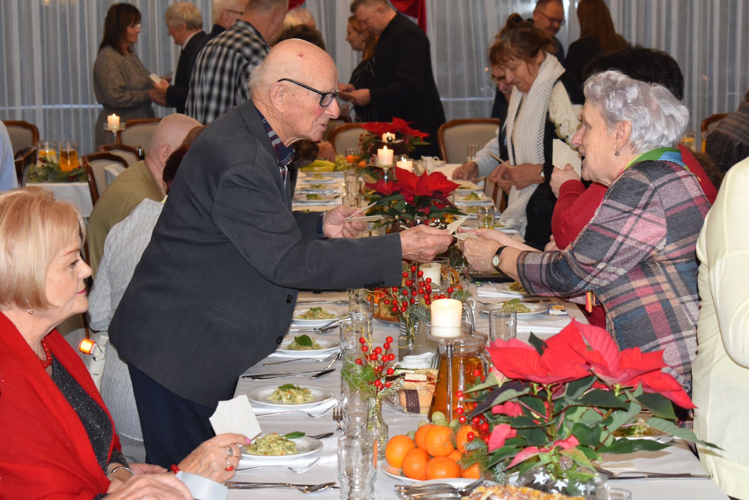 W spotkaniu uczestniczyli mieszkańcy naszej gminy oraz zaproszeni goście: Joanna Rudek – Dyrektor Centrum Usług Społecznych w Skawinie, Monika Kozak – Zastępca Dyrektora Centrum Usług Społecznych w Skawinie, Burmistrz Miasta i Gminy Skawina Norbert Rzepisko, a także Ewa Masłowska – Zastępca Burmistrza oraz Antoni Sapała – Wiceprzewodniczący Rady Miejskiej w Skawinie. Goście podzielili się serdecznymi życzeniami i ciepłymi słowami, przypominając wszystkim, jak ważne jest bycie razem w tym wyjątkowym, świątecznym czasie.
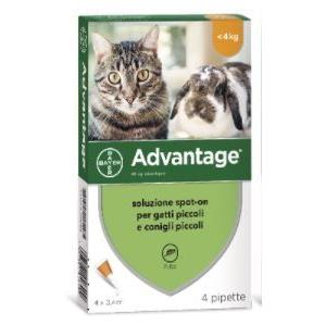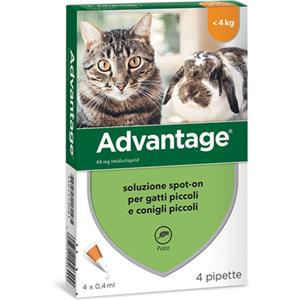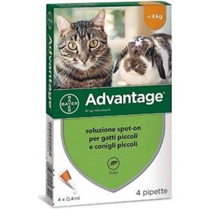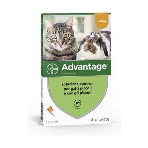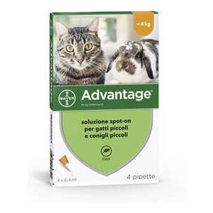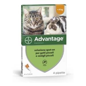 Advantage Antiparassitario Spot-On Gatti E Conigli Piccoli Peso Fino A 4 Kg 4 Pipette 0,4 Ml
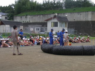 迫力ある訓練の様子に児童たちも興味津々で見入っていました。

## EXERCISE GOAL
Transcribe the full listing above exactly as it stands, minus the pictures.

## TASK SOLUTION
 W spotkaniu uczestniczyli mieszkańcy naszej gminy oraz zaproszeni goście: Joanna Rudek – Dyrektor Centrum Usług Społecznych w Skawinie, Monika Kozak – Zastępca Dyrektora Centrum Usług Społecznych w Skawinie, Burmistrz Miasta i Gminy Skawina Norbert Rzepisko, a także Ewa Masłowska – Zastępca Burmistrza oraz Antoni Sapała – Wiceprzewodniczący Rady Miejskiej w Skawinie. Goście podzielili się serdecznymi życzeniami i ciepłymi słowami, przypominając wszystkim, jak ważne jest bycie razem w tym wyjątkowym, świątecznym czasie.
 Advantage Antiparassitario Spot-On Gatti E Conigli Piccoli Peso Fino A 4 Kg 4 Pipette 0,4 Ml
 迫力ある訓練の様子に児童たちも興味津々で見入っていました。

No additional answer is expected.